Recorded information Start Marker

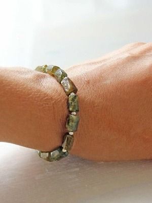 - Браслет, нанизанный на нитку, леску или резинку. Минималистичный дизайн привлекает к себе внимание за счет того, что легко сочетается со многими стилями в одежде: от кэжуал до строгого офисного дресс-кода. Возможность самостоятельной сборки придает такому варианту дополнительную популярность, так как можно выбрать не только бусины по душе, но дополнительные металлические или деревянные вставки. Также встречаются и такие варианты, в которых везувианит сочетается с другими минералами. Чаще всего это александрит, малахит, топаз, турмалин, агат, хризоберилл, авантюрин и нефрит. Состоять аксессуар может как из одной, так и из нескольких ниток с бусинами. Они могут быть независимы друг от друга или же переплетены (скреплены) в основании застежки. Такие браслетики хорошо смотрятся с летними платьями, сарафанами, туниками. В качестве компаньона можно выбрать идентичный камень в подвеске или серьгах.
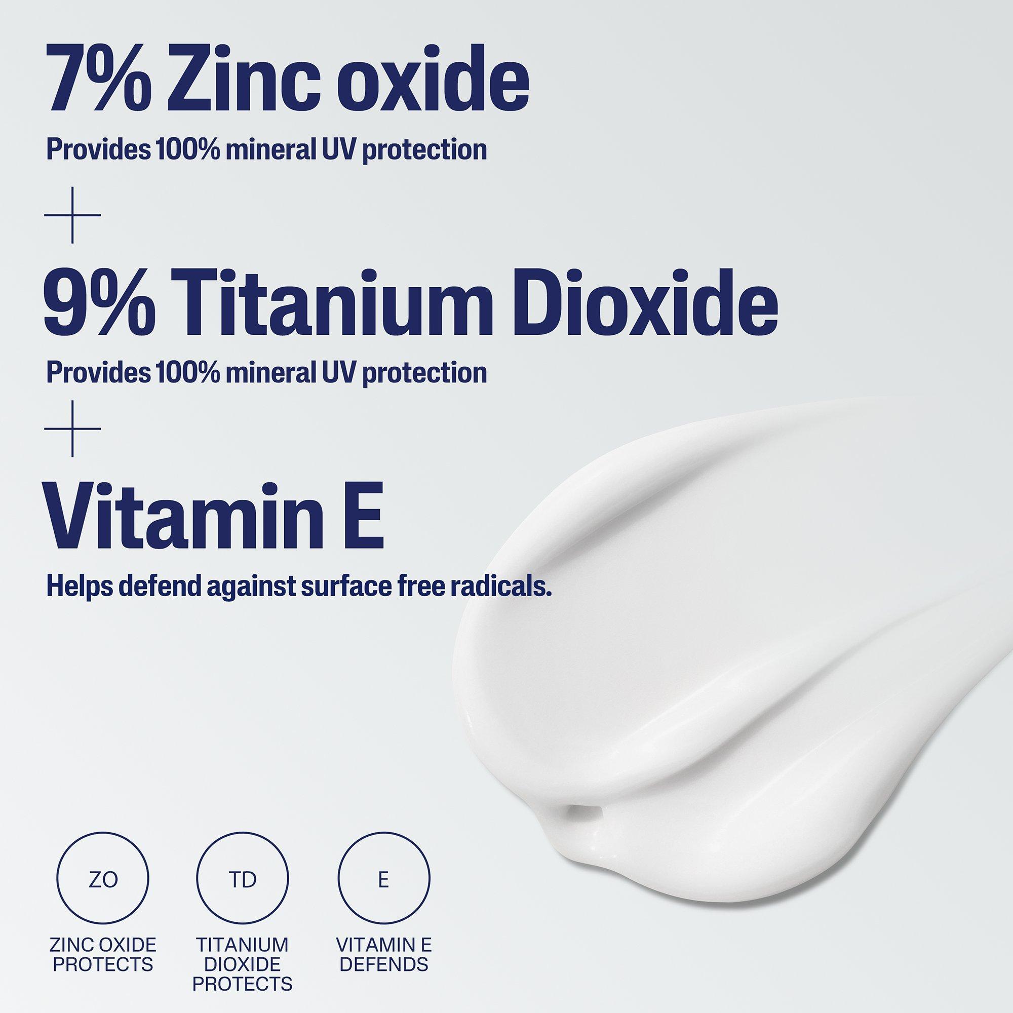 Active: Titanium Dioxide 9.0%, Zinc Oxide 7.0%.
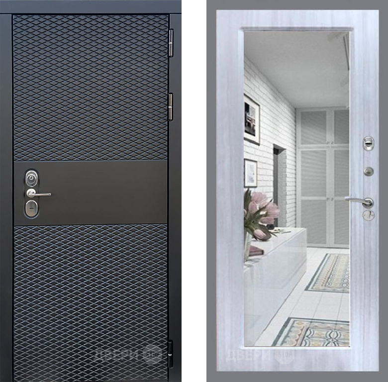 Входная Дверь Стоп БЛЭК CISA Зеркало Сандал белый 860x2050 мм
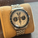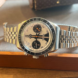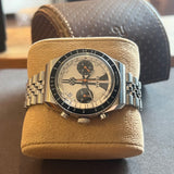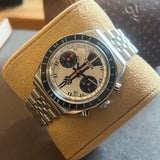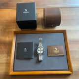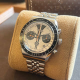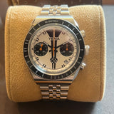 Průměr 39 mm. Tloušťka 14 mm. Pouzdro a náramek z nerezové oceli. Otočná luneta s kilometrovou stupnicí. Bílý ciferník bez čísel. Luminiscenční ručičky a indexy. Safírové sklo. Automatický chronografický strojek. Ráže ETA 7753. Jubilejní náramek jiného výrobce. Masivní dýnko s Yema emblém. Šroubovací korunka s Yema symbol.
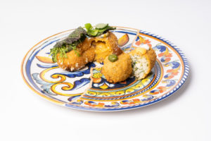 Nella prova fritto “base riso” Pasquale Petrillo ha portato un “Arancino al Prunet e Bettelmatt” con Riso carnaroli, brodo di carne, scalogno, Prunet, Bettelmatt, burro e timo.
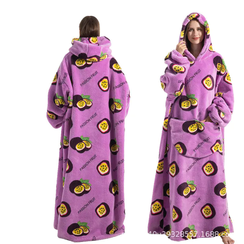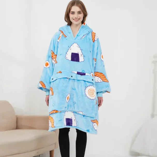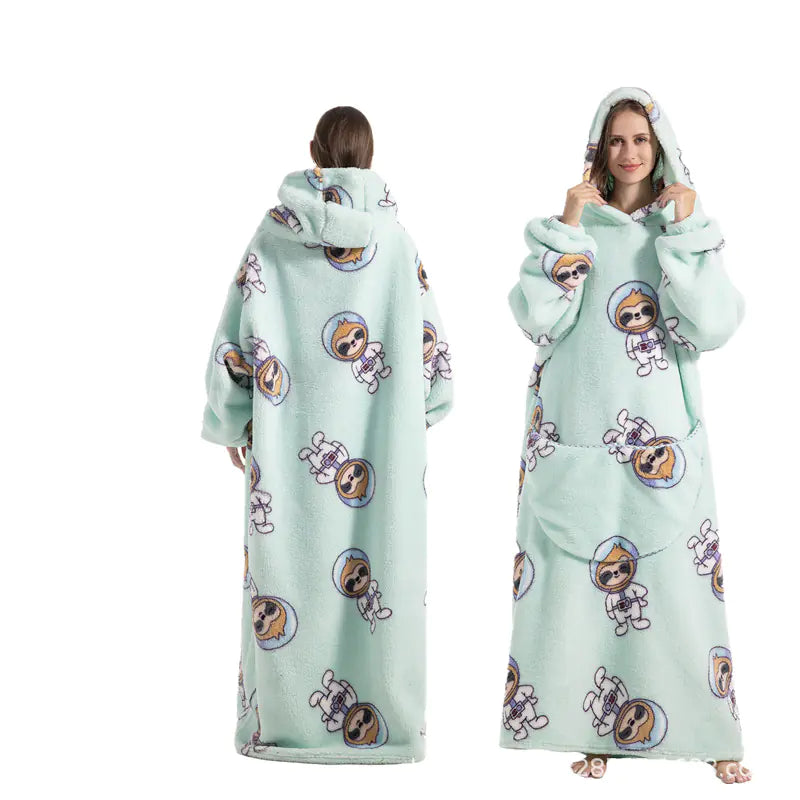 Hooded Women's Warm Flannel Pajamas Blanket -
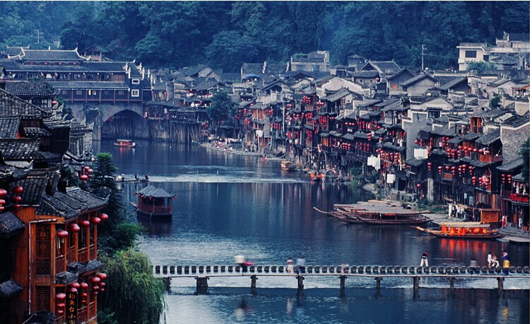 凤凰古城分为新旧两个城区,老城依山傍水,清浅的沱江穿城而过,红色砂岩砌成的城墙伫立在岸边,南华山衬着古老的城楼,城楼还是清朝年间的,锈迹斑斑的铁门,还看得出当年威武的模样。北城门下宽宽的河面上横着一条窄窄的木桥,以石为墩,两人对面都要侧身而过,这里曾是当年出城的唯一通道。
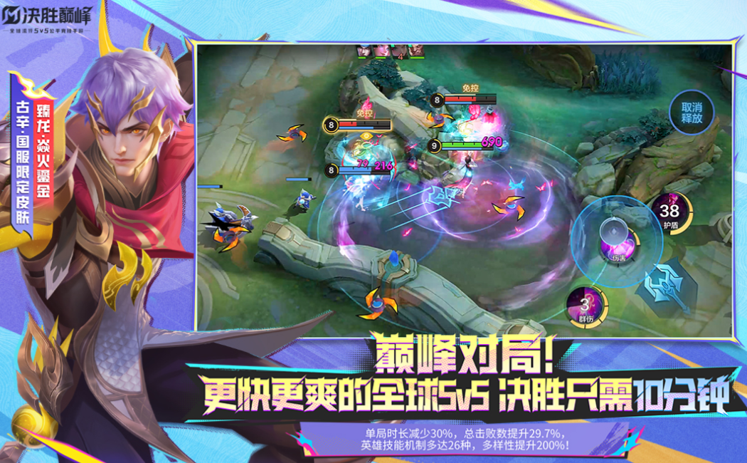 决胜巅峰是拥有国风特色的线上竞技类推塔游戏,仅需十几分钟就可以完成推塔任务十分酣畅,游戏画面做工精致犹如CG电影一般,特效满天飞带来的视觉冲击也很强,采用三按键双摇杆的体系操作起来更自由,游戏考验团队合作能力能让玩家尽情与队友互动,高交互性的推塔互动理念乐趣无限。

Recorded information End Marker

Repeat the listing above up to and including the line with "Průměr 39 mm.", starting from its first line. Drop any pictures.

Result for this exercise →
 - Браслет, нанизанный на нитку, леску или резинку. Минималистичный дизайн привлекает к себе внимание за счет того, что легко сочетается со многими стилями в одежде: от кэжуал до строгого офисного дресс-кода. Возможность самостоятельной сборки придает такому варианту дополнительную популярность, так как можно выбрать не только бусины по душе, но дополнительные металлические или деревянные вставки. Также встречаются и такие варианты, в которых везувианит сочетается с другими минералами. Чаще всего это александрит, малахит, топаз, турмалин, агат, хризоберилл, авантюрин и нефрит. Состоять аксессуар может как из одной, так и из нескольких ниток с бусинами. Они могут быть независимы друг от друга или же переплетены (скреплены) в основании застежки. Такие браслетики хорошо смотрятся с летними платьями, сарафанами, туниками. В качестве компаньона можно выбрать идентичный камень в подвеске или серьгах.
 Active: Titanium Dioxide 9.0%, Zinc Oxide 7.0%.
 Входная Дверь Стоп БЛЭК CISA Зеркало Сандал белый 860x2050 мм
 Průměr 39 mm. Tloušťka 14 mm. Pouzdro a náramek z nerezové oceli. Otočná luneta s kilometrovou stupnicí. Bílý ciferník bez čísel. Luminiscenční ručičky a indexy. Safírové sklo. Automatický chronografický strojek. Ráže ETA 7753. Jubilejní náramek jiného výrobce. Masivní dýnko s Yema emblém. Šroubovací korunka s Yema symbol.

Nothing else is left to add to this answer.